From 1152a30ad7c522ced9be64460f7f8cc37761f98d Mon Sep 17 00:00:00 2001
From: Daniel Eduardo Villarreal Jaime <u0168535@kuleuven.be>
Date: Tue, 2 Dec 2025 19:52:35 +0100
Subject: [PATCH 1/7] Added Precision-REcall curve in probscores, similar to
 ROC curve but better for imbalanced distribution

---
 pysteps/verification/probscores.py | 149 +++++++++++++++++++++++++++++
 1 file changed, 149 insertions(+)

diff --git a/pysteps/verification/probscores.py b/pysteps/verification/probscores.py
index f1eb398ba..96425a684 100644
--- a/pysteps/verification/probscores.py
+++ b/pysteps/verification/probscores.py
@@ -20,6 +20,10 @@
     ROC_curve_init
     ROC_curve_accum
     ROC_curve_compute
+    PR_curve
+    PR_curve_init
+    PR_curve_accum
+    PR_curve_compute
 """
 
 import numpy as np
@@ -421,3 +425,148 @@ def ROC_curve_compute(ROC, compute_area=False):
         return POFD_vals, POD_vals, area
     else:
         return POFD_vals, POD_vals
+
+
+def PR_curve(P_f, X_o, X_min, n_prob_thrs=10, compute_area=False, compute_prevalence=False):
+    """
+    Compute the Precision-Recall curve, its area, and optionally the prevalence baseline.
+
+    Parameters
+    ----------
+    P_f: array_like
+      Forecasted probabilities for exceeding the threshold specified in the PR object.

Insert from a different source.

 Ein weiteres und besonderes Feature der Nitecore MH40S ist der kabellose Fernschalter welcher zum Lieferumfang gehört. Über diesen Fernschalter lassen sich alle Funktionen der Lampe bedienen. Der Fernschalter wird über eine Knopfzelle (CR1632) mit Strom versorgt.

+      Non-finite values are ignored.
+    X_o: array_like
+      Observed values. Non-finite values are ignored.
+    X_min: float
+      Precipitation intensity threshold for yes/no prediction.
+    n_prob_thrs: int
+      The number of probability thresholds to use.

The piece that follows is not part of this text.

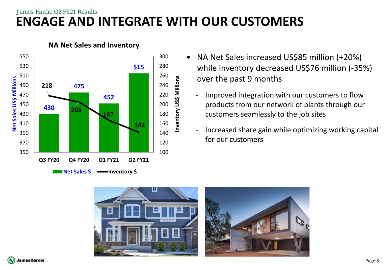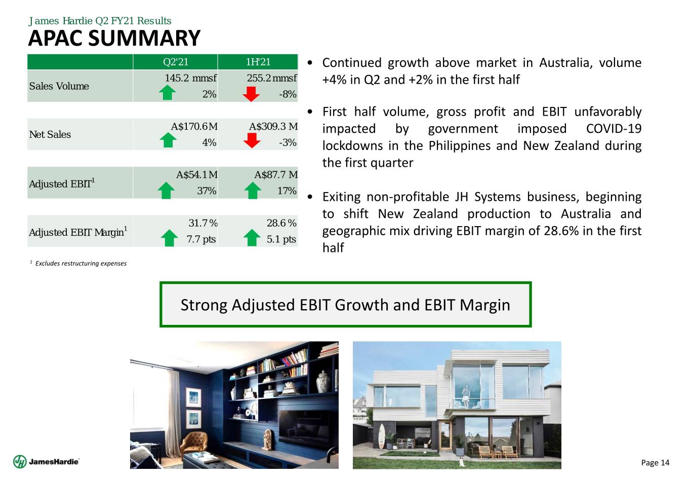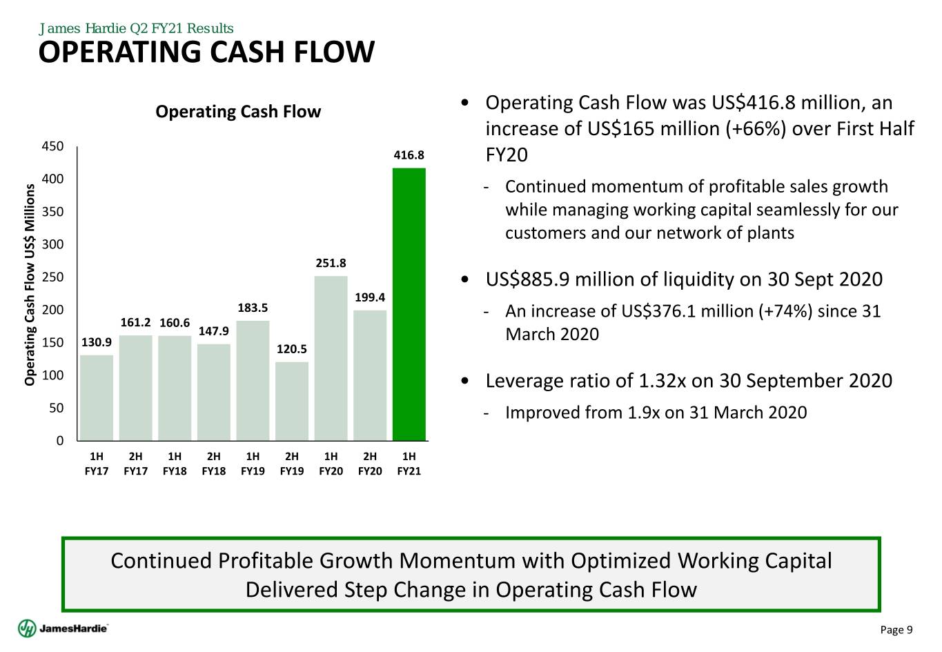 James Hardie Q2 FY21 Results CAUTIONARY NOTE ON FORWARD-LOOKING STATEMENTS CAUTIONARY NOTE ON FORWARD-LOOKING STATEMENTS This Management Presentation contains forward looking statements within the meaning of the Private Securities Litigation Reform Act of 1995. James Hardie Industries plc (the “Company”) may from time to time make forward-looking statements in its periodic reports filed with or furnished to the Securities and Exchange Commission on Forms 20-F and 6-K, in its annual reports to shareholders, in media releases and other written materials and in oral statements made by the Company’s officers, directors or employees to analysts, institutional investors, representatives of the media and others. Words such as “believe,” “anticipate,” “plan,” “expect,” “intend,” “target,” “estimate,” “project,” “predict,” “forecast,” “guideline,” “aim,” “will,” “should,” “likely,” “continue,” “may,” “objective,” “outlook” and similar expressions are intended to identify forward-looking statements but are not the exclusive means of identifying such statements. These forward-looking statements are based upon management's current expectations, estimates, assumptions and beliefs concerning future events and conditions. Readers are cautioned not to place undue reliance on any forward- looking statements. Forward-looking statements are necessarily subject to risks, uncertainties and other factors, many of which are unforeseeable and beyond the Company’s control. Many factors could cause actual results, performance or achievements to be materially different from those expressed or implied in this Management Presentation, including, among others, the risks and uncertainties set forth in Section 3 “Risk Factors” in James Hardie’s Annual Report on Form 20-F for the year ended 31 March 2020; changes in general economic, political, governmental and business conditions globally and in the countries in which the Company does business, including the impact of COVID-19; changes in interest rates; changes in inflation rates; changes in exchange rates; the level of construction generally; changes in cement demand and prices; changes in raw material and energy prices; changes in business strategy and various other factors. Should one or more of these risks or uncertainties materialize, or should underlying assumptions prove incorrect, actual results may vary materially from those described herein. James Hardie assumes no obligation to update or correct the information contained in this Management Presentation except as required by law. USE OF NON-GAAP FINANCIAL INFORMATION; AUSTRALIAN EQUIVALENT TERMINOLOGY This Management Presentation includes financial measures that are not considered a measure of financial performance under generally accepted accounting principles in the United States (US GAAP). These financial measures are designed to provide investors with an alternative method for assessing our performance from on-going operations, capital efficiency and profit generation. Management uses these financial measures for the same purposes. These financial measures are or may be non-US GAAP financial measures as defined in the rules of the U.S. Securities and Exchange Commission and may exclude or include amounts that are included or excluded, as applicable, in the calculation of the most directly comparable financial measures calculated in accordance with US GAAP. These non-GAAP financial measures should not be considered to be more meaningful than the equivalent US GAAP measure. Management has included such measures to provide investors with an alternative method for assessing its operating results in a manner that is focused on the performance of its ongoing operations and excludes the impact of certain legacy items, such as asbestos adjustments. Additionally, management uses such non-GAAP financial measures for the same purposes. However, these non-GAAP financial measures are not prepared in accordance with US GAAP, may not be reported by all of the Company’s competitors and may not be directly comparable to similarly titled measures of the Company’s competitors due to potential differences in the exact method of calculation. For additional information regarding the non-GAAP financial measures presented in this Management Presentation, including a reconciliation of each non-GAAP financial measure to the equivalent US GAAP measure, see the slide titled “Non-US GAAP Financial Measures” included in the Appendix to this Management Presentation. In addition, this Management Presentation includes financial measures and descriptions that are considered to not be in accordance with US GAAP, but which are consistent with financial measures reported by Australian companies, such as operating profit, EBIT and EBIT margin. Since the Company prepares its Consolidated Financial Statements in accordance with US GAAP, the Company provides investors with a table and definitions presenting cross-references between each US GAAP financial measure used in the Company’s Consolidated Financial Statements to the equivalent non-US GAAP financial measure used in this Management Presentation. See the section titled “Non-US GAAP Financial Measures” included in the Appendix to this Management Presentation. Page 2

+      The interval [0,1] is divided into n_prob_thrs evenly spaced values.
+    compute_area: bool, optional
+      If True, compute the area under the Precision-Recall curve.
+    compute_prevalence: bool, optional
+      If True, compute and return the prevalence baseline (fraction of positives).
+
+    Returns
+    -------
+    out: tuple
+      A two-element tuple containing precision and recall for the probability thresholds.
+      If compute_area is True, return the area under the PR curve as an extra element.
+      If compute_prevalence is True, return the prevalence baseline as an extra element.
+    """
+    P_f = P_f.copy()
+    X_o = X_o.copy()
+    pr = PR_curve_init(X_min, n_prob_thrs)
+    PR_curve_accum(pr, P_f, X_o)
+    return PR_curve_compute(pr, X_o, X_min, compute_area, compute_prevalence)
+
+
+def PR_curve_init(X_min, n_prob_thrs=10):
+    """
+    Initialize a Precision-Recall curve object.
+
+    Parameters
+    ----------
+    X_min: float
+      Precipitation intensity threshold for yes/no prediction.
+    n_prob_thrs: int
+      The number of probability thresholds to use.
+      The interval [0,1] is divided into n_prob_thrs evenly spaced values.
+
+    Returns
+    -------
+    out: dict
+      The PR curve object containing counters for hits, misses, false alarms,
+      correct negatives, and the probability thresholds.
+    """
+    PR = {}
+    PR["X_min"] = X_min
+    PR["hits"] = np.zeros(n_prob_thrs, dtype=int)
+    PR["misses"] = np.zeros(n_prob_thrs, dtype=int)
+    PR["false_alarms"] = np.zeros(n_prob_thrs, dtype=int)
+    PR["corr_neg"] = np.zeros(n_prob_thrs, dtype=int)
+    PR["prob_thrs"] = np.linspace(0.0, 1.0, int(n_prob_thrs))
+    return PR
+
+
+def PR_curve_accum(PR, P_f, X_o):
+    """
+    Accumulate the given probability-observation pairs into the given PR object.
+
+    Parameters
+    ----------
+    PR: dict
+      A PR curve object created with PR_curve_init.
+    P_f: array_like
+      Forecasted probabilities for exceeding the threshold specified in the PR object.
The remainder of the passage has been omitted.